▶ **Instructions to follow**:
Down to the last line below, repeat the entries word for word and drop the pictures.
[[ Task data open ]]
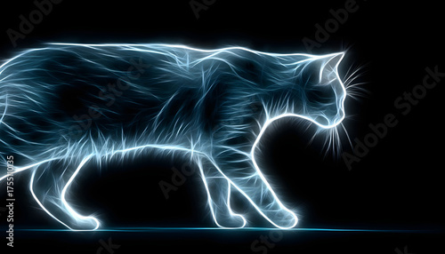 realistic image of a neon cat on a black background
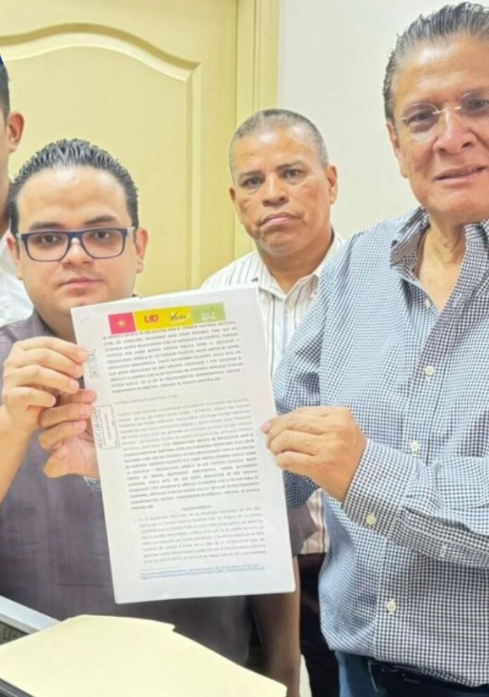 Los dirigentes Jorge Fernando Jimenez Reyes del Frente Amplio,Alfonso Diaz Narvaez,presidente del Partido Unificacion Democratica(UD),Angel Leodan Hernandez, Coordinador del Partido Movimiento Solidario(Vamos) y Esdras Amado Lopez,presidente del Partido Nuev Ruta, presentaron al CNE un escrito de recusación contra el consejero propietario Julio Navarro,para que no conozca asunto relacionado con la naturaleza de sus partidos politicos.
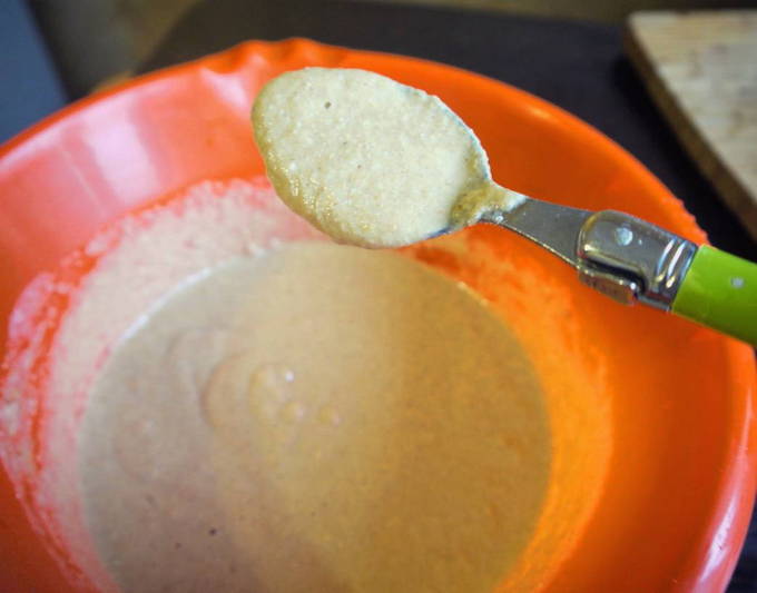 - Klop met een garde of mixer tot een gladde massa.
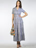 Воздушное платье приталенного силуэта. V-образный вырез горловины, отложной ворот с лацканами, кроткий рукав, застежка на пуговицы на полочке. Отличный вариант для прогулок.
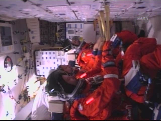 Micheal Massimino è entrato nel Middeck e si sta sistemando nel sedile n° 6 , al centro tra Grunsfeld e Feustel .
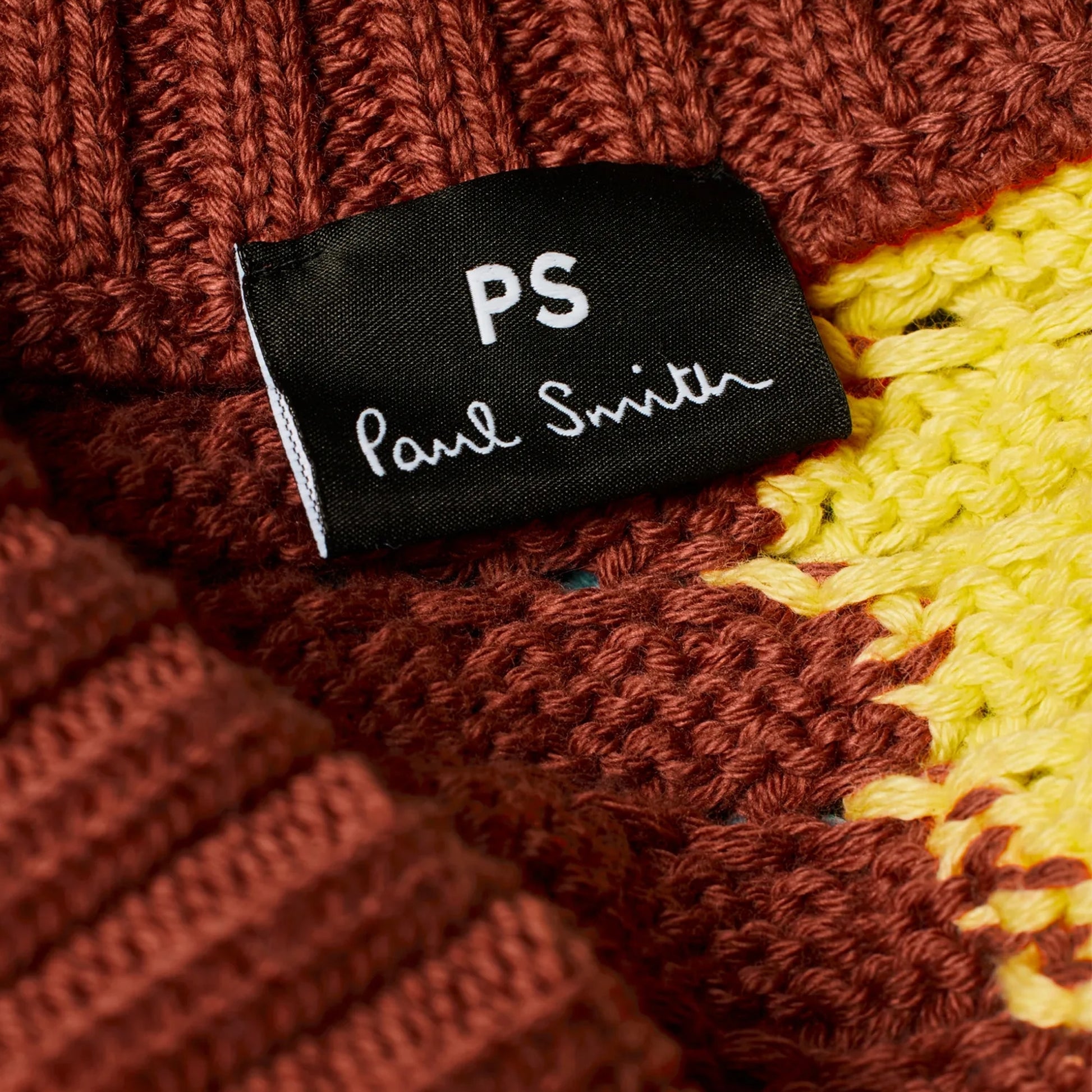 Paul Smith is a distinguished British designer who is renowned for his creative aesthetic, which combines tradition and modernity. Add a fun piece to your knitwear collection with this Paul Smith cardigan. Featuring a chunky knitted intarsia design, this cardigan has a multicoloured seasonal gradient wave, with a ribbed placket, ribbed cuffs and hem with contrast dark buttons. Style this cardigan over a plain t-shirt, with your favourite designer jeans and some Hoff trainers for a great casual look.
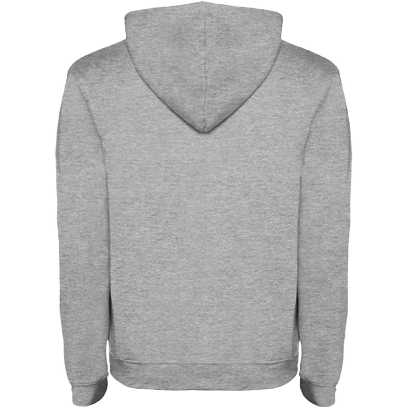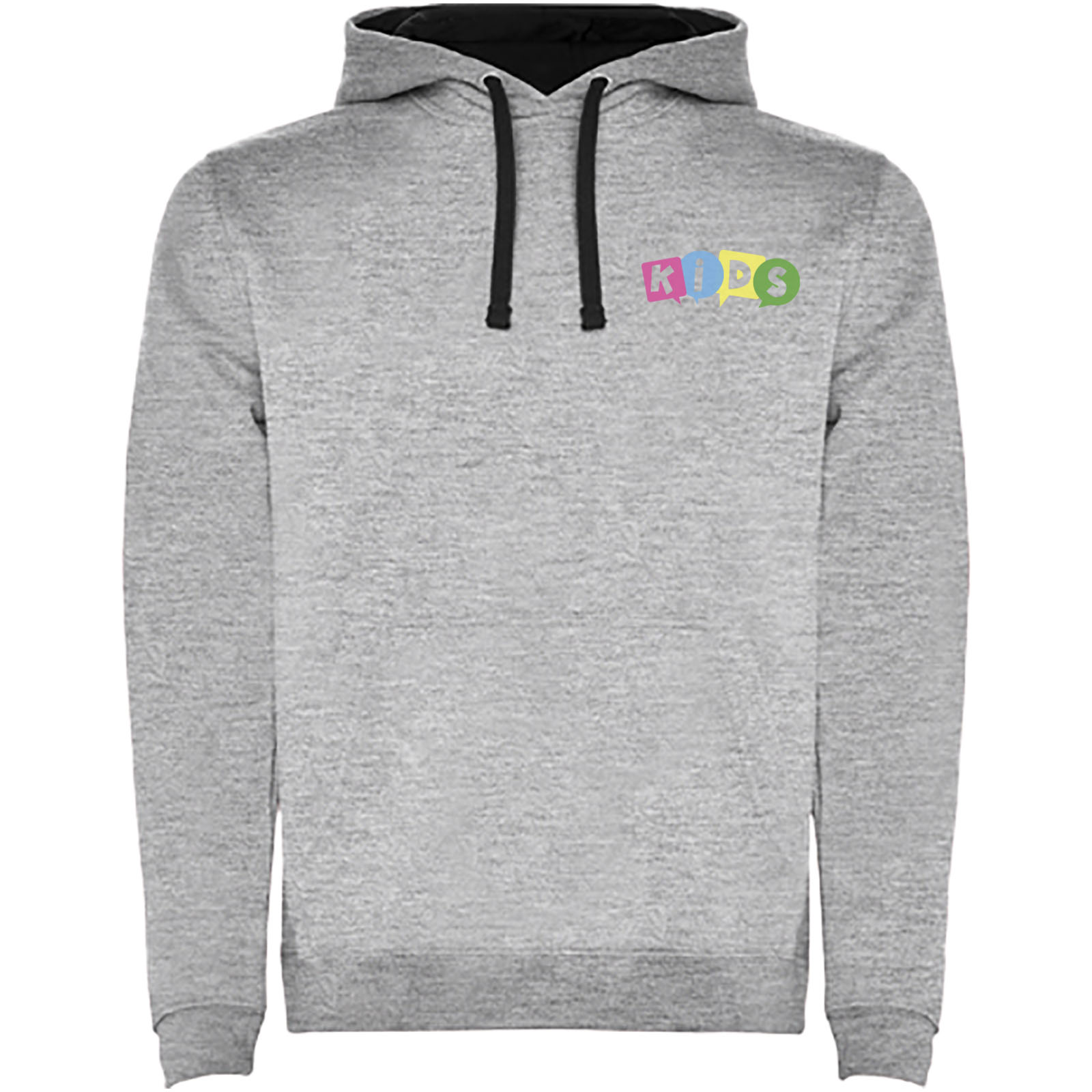 Dwukolorowa bluza z kapturem z podwójnego materiału. Wzmocnione kryte szwy w kołnierzu i kieszeń kangurka. Ściągacze 1×1 z elastanu w mankietach i pasie. Usuwalna metka.
[[ Task data closed ]]
▶ **Answer section**:
 realistic image of a neon cat on a black background
 Los dirigentes Jorge Fernando Jimenez Reyes del Frente Amplio,Alfonso Diaz Narvaez,presidente del Partido Unificacion Democratica(UD),Angel Leodan Hernandez, Coordinador del Partido Movimiento Solidario(Vamos) y Esdras Amado Lopez,presidente del Partido Nuev Ruta, presentaron al CNE un escrito de recusación contra el consejero propietario Julio Navarro,para que no conozca asunto relacionado con la naturaleza de sus partidos politicos.
 - Klop met een garde of mixer tot een gladde massa.
 Воздушное платье приталенного силуэта. V-образный вырез горловины, отложной ворот с лацканами, кроткий рукав, застежка на пуговицы на полочке. Отличный вариант для прогулок.
 Micheal Massimino è entrato nel Middeck e si sta sistemando nel sedile n° 6 , al centro tra Grunsfeld e Feustel .
 Paul Smith is a distinguished British designer who is renowned for his creative aesthetic, which combines tradition and modernity. Add a fun piece to your knitwear collection with this Paul Smith cardigan. Featuring a chunky knitted intarsia design, this cardigan has a multicoloured seasonal gradient wave, with a ribbed placket, ribbed cuffs and hem with contrast dark buttons. Style this cardigan over a plain t-shirt, with your favourite designer jeans and some Hoff trainers for a great casual look.
 Dwukolorowa bluza z kapturem z podwójnego materiału. Wzmocnione kryte szwy w kołnierzu i kieszeń kangurka. Ściągacze 1×1 z elastanu w mankietach i pasie. Usuwalna metka.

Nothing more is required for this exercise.